Wednesday, November 9, 2011

Preparing Students for Life-Long Success is Not Preparing Students for Long Bubble Tests

Unfortunately, in the 21st century education reform has equated to measuring a school’s ability to produce good test takers. But think about it. In real life there are few if any tests to be taken. More than a decade into the 21st century and I have yet to take a test and I don’t envision any being in my future either. How did we get to a point in America where we’re measuring schools by their success in forcing students to waste their time being good at something few will ever need to do in real life?  Could it be that this meaningless time waster is doing exactly what it was designed to do?  
  1. Line the pockets of testing companies and publishers who are good at following the money, but know this does little to prepare students for success.
  2. Produce compliant young consumers who are good at believing, memorizing, and regurgitating what they are told without questioning authority.


For some it is hard to imagine anything different or better.  There are tools however, like Personal Success Plans or Project Foundry that help schools provide a personalized, learner-centered approach that tracks performance-based assessment and values real world skills.  There are also tools like OurLearningfolio that help home learners and their families do this.  What these tools do is help learners identify their passions and interests and help them engage in real-world, authentic activities to develop them while also providing a framework for measuring success. Completion of an activity doesn’t simply result in a letter grade. Instead it becomes part of an authentic online portfolio that can be used to attain academic or career goals.  

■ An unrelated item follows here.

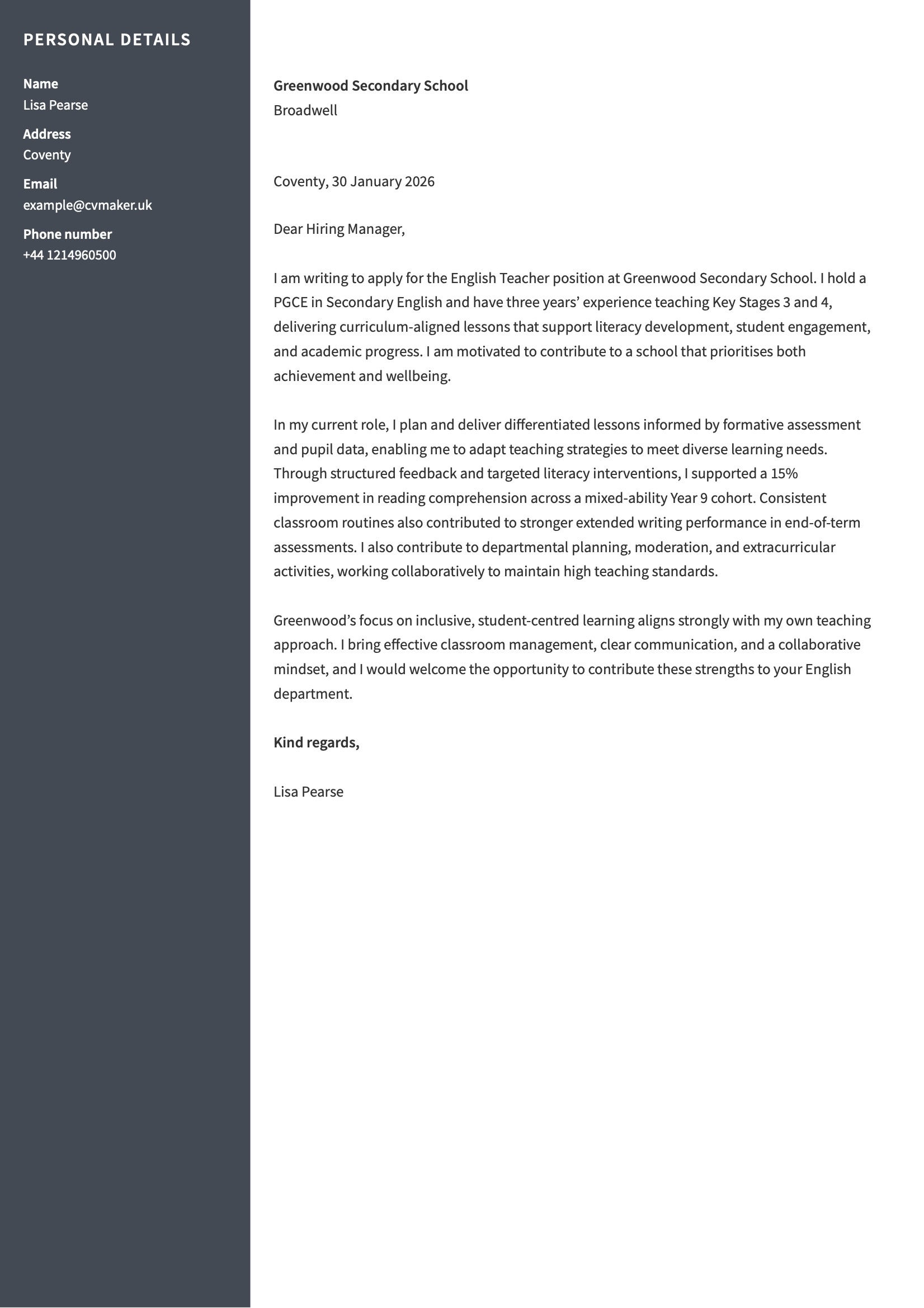 The body of your teacher cover letter UK application is where you demonstrate suitability for the role. This section should link your experience directly to the school’s needs and expectations.

Rather than demanding schools produce good test takers, parents and their children should support schools in moving from being memorization and regurgitation machines and moving toward customizing learning in meaningful ways that produces personalized results that are valuable to individual learners. 


Fortunately, there are schools that are moving in this direction.  Here are some of them:
Here is a video sharing a student perspective of this type of learning.  

Providing students with a say in how and what they are learning should be a right, not a privilege. While the video shows a model that is a vast improvement over traditional school, I’d like to see more authenticity.  Rather than present to a class, present to the real audience. Rather than having the teacher provide assessment, have a real-world expert do so. I’d also suggest the student website be created outside the school learning management system.  This should be owned by the student created on a platform of their choosing that can stay with them for life.  
How are you helping your school move from an environment of preparing students for life long success rather than long bubble tests?  Project Foundry, Personal Success Plans, and authentic portfolios are the type of tools that can help schools move in the right direction.